This book will give you a solid foundation of the basics, expose the issues and provide a high-level process for planning and implementing a data warehouse. It is divided into sections, the first three covering people, process and technology.
Section One starts with an overview enterprise IT architectures, how data warehousing fits into the scheme of things, and associated business and technical perspectives. I like the way the authors emphasize business perspectives, which is a consistent thread throughout the book. They use a framework called "InfoMotion", which covers all of the requirements, but (to me) is too wrapped-up in "consultant-speak". For example, they litter this section with nonsense such as "InfoMotion = Information/Data * motion. While it makes perfect sense from a conceptual viewpoint, there is no way to compute it, so why express it as a formula? Parenthetically, data is easy to quantify; measuring information is difficult, but can be done. The motion part of the equation is plain silliness because there is no basis given for measurement. But I am nitpicking here.
You are next introduced to data warehouse concepts. This gives a foundation that is complete and covers all key elements, such as reports, definitions of data warehouse and data mart and operational data stores. I thought this was an excellent introduction. Also included is a brief piece on cost/benefit and return on investment. It was short and hit all of the key points, but would have fit better in the prior discussion of the business perspective.
The next section addresses the people part of a data warehousing project, begining with the project sponsor. Answers to some incisive questions are given in this part, such as "how will the data warehouse affect decision-making processes?", "how will it improve financial, marketing and operations processes?" and similar business-focused questions. These draw your attention to the real reasons for data warehousing. This section moves naturally into project management considerations, and exposes some common problems like defining project scope, underestimating time and project overhead or factoring the operational support issues after the data warehouse is rolled out and in production. One of the best parts of this section is how the authors counter common problems and risks with advice on how to eliminate or mitigate them. I liked the approach to measuring results, which gives some sound key performance indications that you can use to baseline some total cost of ownership drivers after the data warehouse is in production. This section continues with roles and responsibilities of the project team. The authors have crafted a sound team structure that consists of business and technical representatives who are overseen by a steering committee. This is an excellent approach. I thought the inclusion of users from various business domains was one of the key strengths, because these people know the data's value to the business a lot better than the technical side of the team. On the other hand, I thought it was naive of the authors to state that this group would be required 80% of the time during the project. While I fully agree with this estimate, it is nearly impossible in practice. I wish the authors would have shared how they sold the business side on making an 80% commitment of their best and brightest.

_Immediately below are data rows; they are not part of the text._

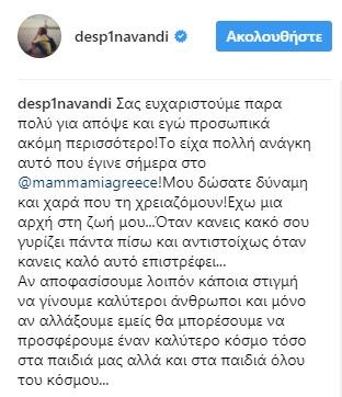 “Σας ευχαριστούμε πάρα πολύ για απόψε και εγώ προσωπικά ακόμη περισσότερο! Το είχα πολλή ανάγκη αυτό που έγινε σήμερα στο Μamma Mia! Μου δώσατε δύναμη και χαρά που τη χρειαζόμουν! Έχω μια αρχή στη ζωή μου…Όταν κάνεις κακό σου γυρίζει πάντα πίσω και αντιστοίχως όταν κάνεις καλό αυτό επιστρέφει…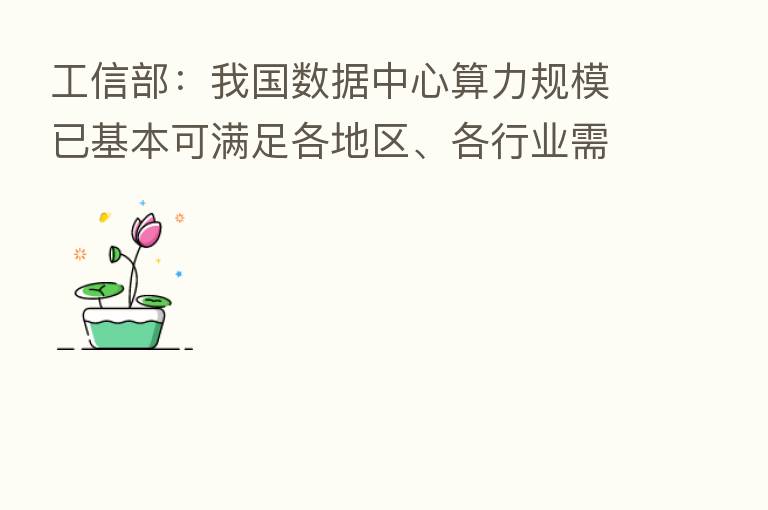 工信部:我国数据中心算力规模已基本可满足各地区、各行业需求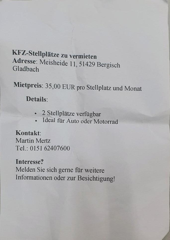 2 Stellplätze zu vermieten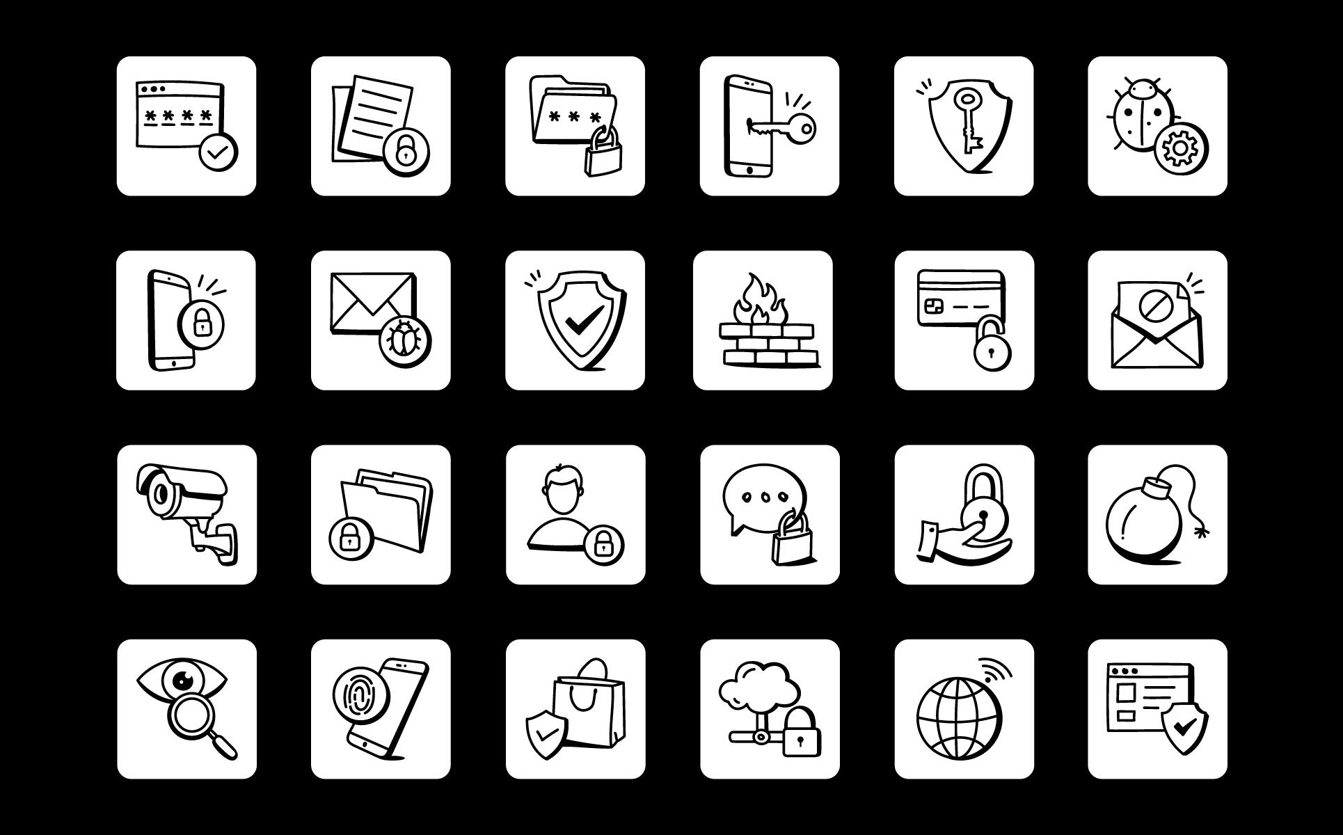We have crafted security icons effectively. This pack of doodle vectors comprises the concept of cybersecurity, data protection, bug detection as well as antivirus designs. These visually perfect vectors can be used for web pages and onboarding mobile apps.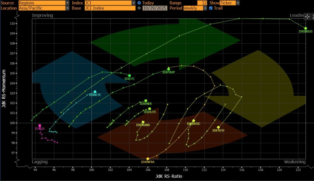 Sentimen dari Jepang datang dari AS-Jepang yang menandatangani perjanjian kerangka kerja untuk mengamankan pasokan mineral tanah jarang dalam upaya mengurangi ketergantungan terhadap China. Selain iu, Trump memberi sinyal akan menurunkan tarif terkait fentanyl terhadap China, sementara China dilaporkan akan kembali membeli kedelai AS.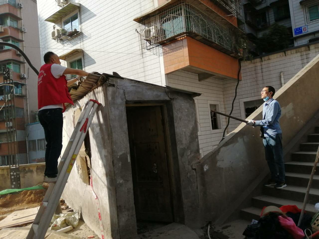 近期,五星街高山井社区接到居民反映,现在处于旧城改造时期,小区内有一处闲置空房内堆积杂物若干,长期无人管理存在异味,能否在此时期帮助整治该处问题。社区接到反映立刻前往现场核实情况,确实发现存在火灾隐患并属于违建,并了解到此处存在危木设计电线隐患。随即高山井社区志愿者同旧城改造人员着手开展整治,将此处树木进行修枝、电线进行重新排线整治、并拆除违建。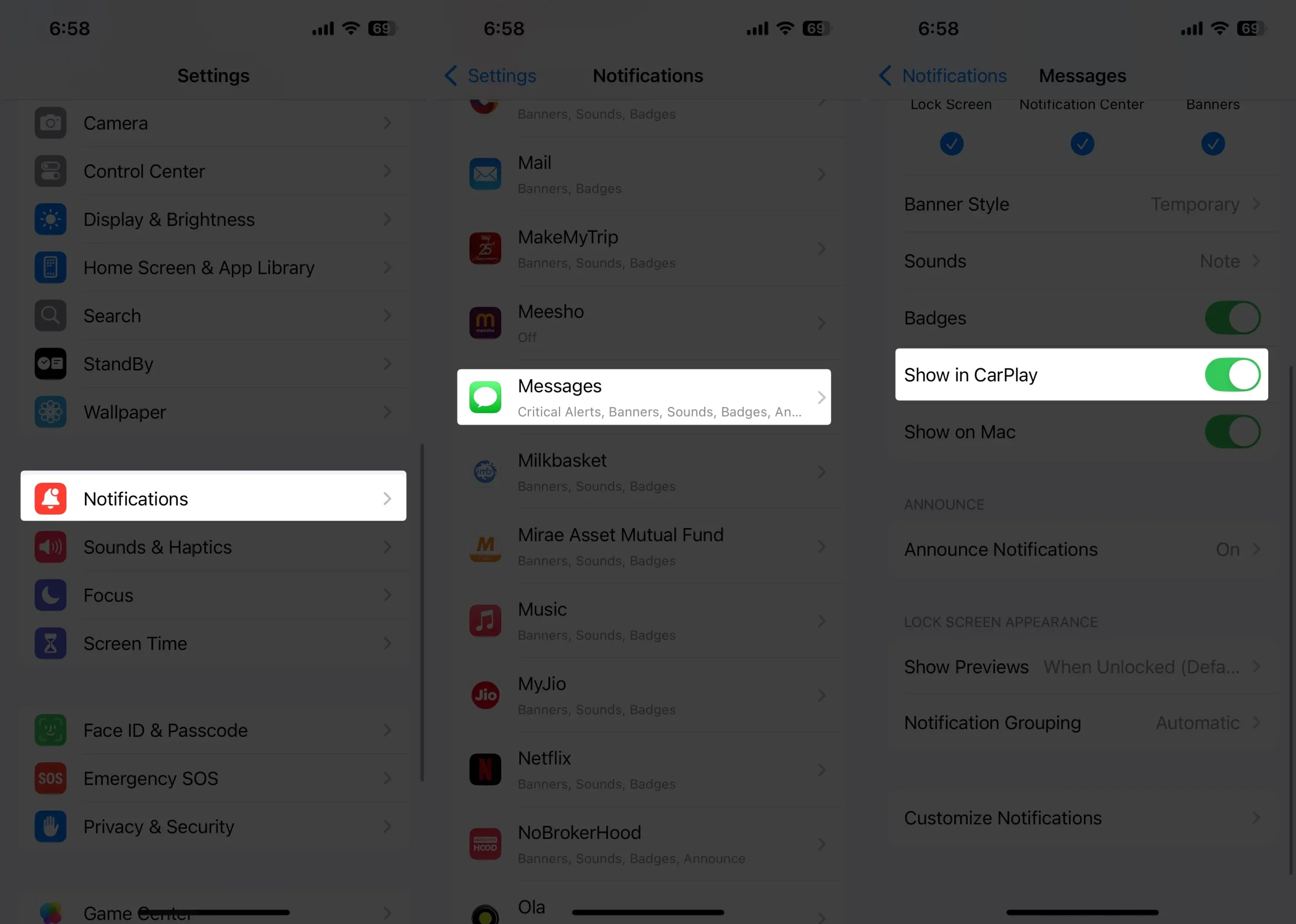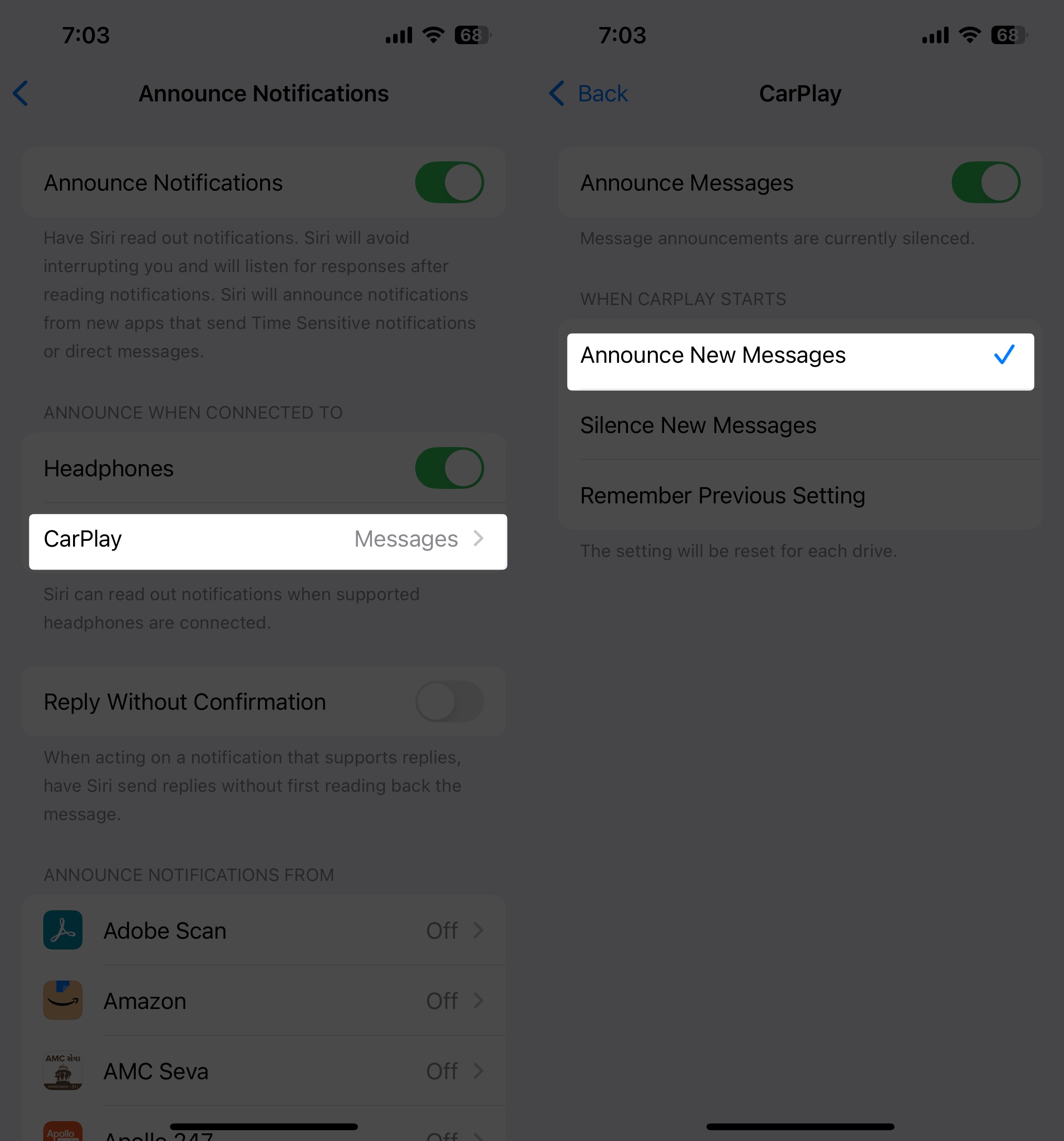 If you keep receiving notifications on the screen but your car isn’t reading messages, turn on the announce notifications feature from the Siri Settings on your iPhone running the latest iOS.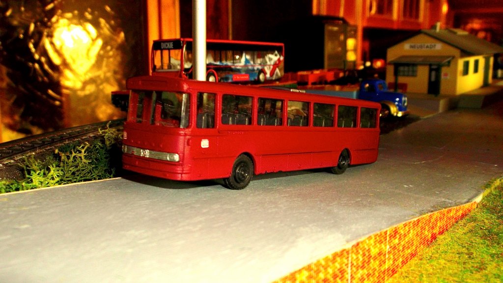 Hier der O 305 ex BVG nach der Umlackierung zum klassischen Bahnbus der 80er Jahre.

As this section moves into the actual project there are some things I loved about their approach: breaking the project into four parallel tracks and the proposed rollout strategy. These give you a good understanding of the scope and magnitude of a typical data warehouse project.
Section 4 covers technology, and gets a little too technical for a business user in some places, but is just right for an IT manager who is not a DBA or data architect. I liked the discussion of metadata, why normalization is not appropriate for data warehousing, and the treatment of fact and dimension tables.
The final section discusses maintenance requirements once the data warehouse is in production. This prepares you for the realities of managing these systems. I wish the authors would have addressed some of the workload and scheduling issues that are a part of the territory - refreshing the warehouse is going to require a fine balancing act that is going to affect maintenance windows, other production jobs and a plethora of other production headaches if not planned for in advance.
Overall this is a good book for the audience I cited above. I strongly recommend anyone considering a data warehouse to also read Improving Data Warehouse and Business Information Quality by Larry P. English.